**Excerpted records**
^^^^

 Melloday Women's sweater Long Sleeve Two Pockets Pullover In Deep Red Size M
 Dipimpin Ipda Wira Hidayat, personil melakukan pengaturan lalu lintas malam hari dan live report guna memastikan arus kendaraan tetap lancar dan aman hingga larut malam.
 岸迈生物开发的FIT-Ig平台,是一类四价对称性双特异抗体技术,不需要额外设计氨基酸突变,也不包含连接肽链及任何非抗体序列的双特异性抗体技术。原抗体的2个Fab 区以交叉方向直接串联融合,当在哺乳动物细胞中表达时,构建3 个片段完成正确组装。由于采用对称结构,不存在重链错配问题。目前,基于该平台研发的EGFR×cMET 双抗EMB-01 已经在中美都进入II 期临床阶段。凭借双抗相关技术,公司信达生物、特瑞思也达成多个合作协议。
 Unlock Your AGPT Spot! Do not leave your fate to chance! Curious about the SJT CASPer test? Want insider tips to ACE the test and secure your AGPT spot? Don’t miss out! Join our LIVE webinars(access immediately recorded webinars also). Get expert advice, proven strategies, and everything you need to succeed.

^^^^

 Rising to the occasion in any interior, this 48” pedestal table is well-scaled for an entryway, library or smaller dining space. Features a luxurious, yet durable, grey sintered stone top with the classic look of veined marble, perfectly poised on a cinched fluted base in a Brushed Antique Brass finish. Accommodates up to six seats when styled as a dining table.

^^^^

**The problem**
Lines wanted from the listing above: the line with "Melloday Women's sweater" up to and including the line with "Unlock Your AGPT". Please write them out exactly, adding nothing else.

**Solution for this task**
 Melloday Women's sweater Long Sleeve Two Pockets Pullover In Deep Red Size M
 Dipimpin Ipda Wira Hidayat, personil melakukan pengaturan lalu lintas malam hari dan live report guna memastikan arus kendaraan tetap lancar dan aman hingga larut malam.
 岸迈生物开发的FIT-Ig平台,是一类四价对称性双特异抗体技术,不需要额外设计氨基酸突变,也不包含连接肽链及任何非抗体序列的双特异性抗体技术。原抗体的2个Fab 区以交叉方向直接串联融合,当在哺乳动物细胞中表达时,构建3 个片段完成正确组装。由于采用对称结构,不存在重链错配问题。目前,基于该平台研发的EGFR×cMET 双抗EMB-01 已经在中美都进入II 期临床阶段。凭借双抗相关技术,公司信达生物、特瑞思也达成多个合作协议。
 Unlock Your AGPT Spot! Do not leave your fate to chance! Curious about the SJT CASPer test? Want insider tips to ACE the test and secure your AGPT spot? Don’t miss out! Join our LIVE webinars(access immediately recorded webinars also). Get expert advice, proven strategies, and everything you need to succeed.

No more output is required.